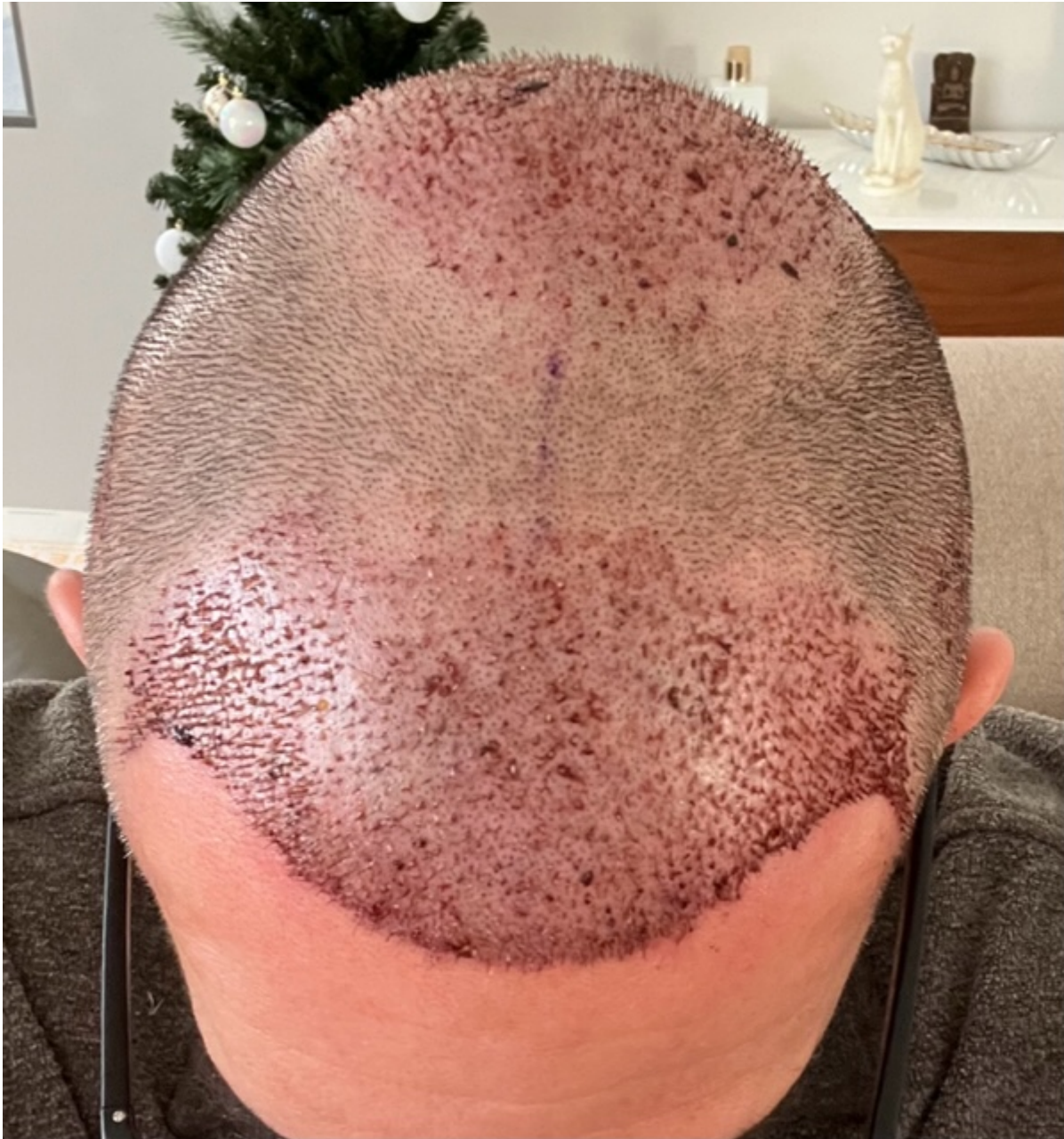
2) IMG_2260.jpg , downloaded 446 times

----------------------------------------

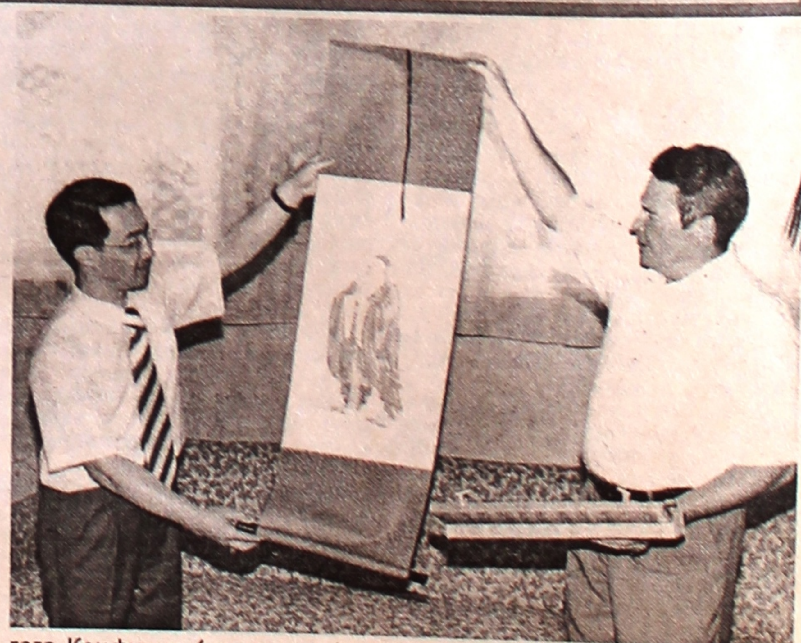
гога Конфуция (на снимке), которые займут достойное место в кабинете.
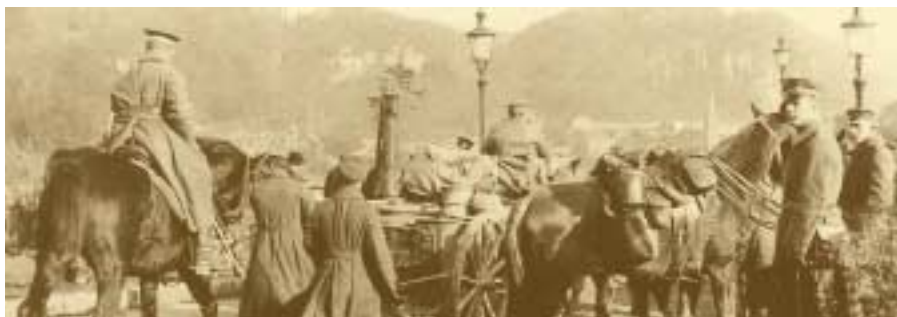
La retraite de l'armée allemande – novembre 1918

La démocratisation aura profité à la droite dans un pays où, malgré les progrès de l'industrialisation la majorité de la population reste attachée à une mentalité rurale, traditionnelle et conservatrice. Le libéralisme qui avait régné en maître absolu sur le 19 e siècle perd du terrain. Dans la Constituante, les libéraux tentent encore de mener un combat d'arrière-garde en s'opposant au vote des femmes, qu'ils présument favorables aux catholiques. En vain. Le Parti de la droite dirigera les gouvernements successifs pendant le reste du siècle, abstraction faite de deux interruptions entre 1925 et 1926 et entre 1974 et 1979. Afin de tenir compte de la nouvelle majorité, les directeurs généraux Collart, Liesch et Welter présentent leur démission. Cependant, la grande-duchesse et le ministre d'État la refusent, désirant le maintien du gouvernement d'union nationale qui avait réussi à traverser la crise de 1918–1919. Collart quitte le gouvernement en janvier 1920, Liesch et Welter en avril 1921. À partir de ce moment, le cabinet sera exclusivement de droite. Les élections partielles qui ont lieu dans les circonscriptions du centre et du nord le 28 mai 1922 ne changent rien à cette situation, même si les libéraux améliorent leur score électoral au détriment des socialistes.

----------------------------------------

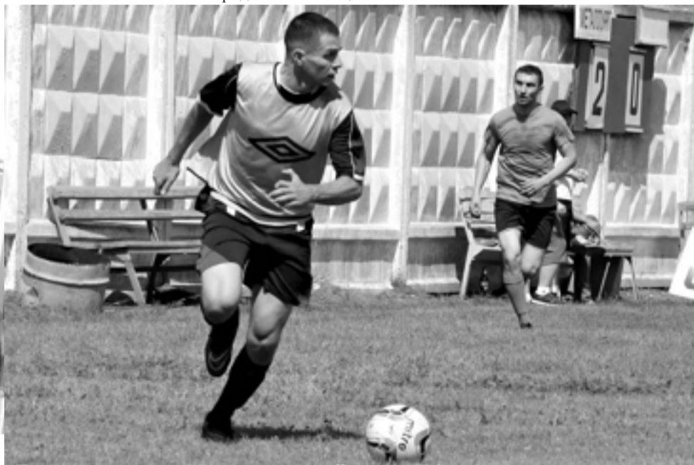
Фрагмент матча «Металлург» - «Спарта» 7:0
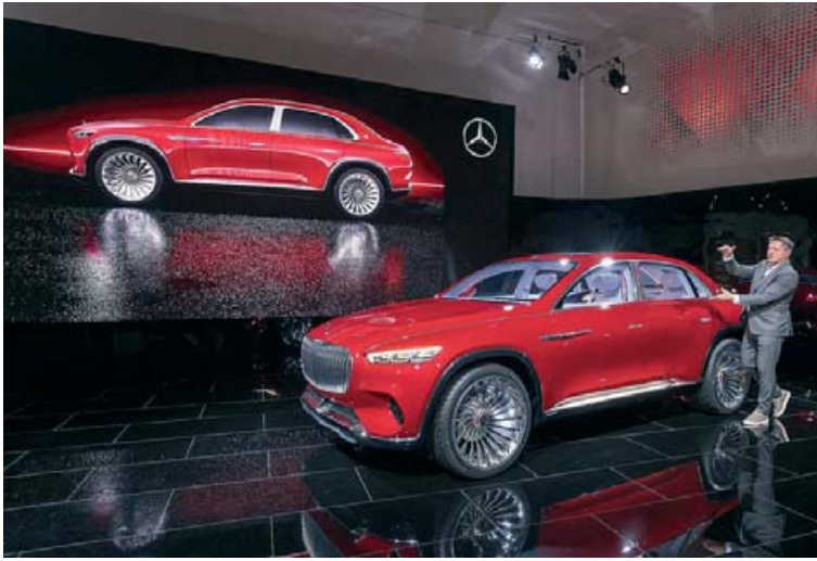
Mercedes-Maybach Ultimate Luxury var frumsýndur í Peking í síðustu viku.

----------------------------------------

**Exercise objective**
Would you write out exactly the lines above, starting at the line containing "гога Конфуция (на" and stopping after the line containing "La retraite de"? Omit the pictures.

**Response to the exercise**
гога Конфуция (на снимке), которые займут достойное место в кабинете.
La retraite de l'armée allemande – novembre 1918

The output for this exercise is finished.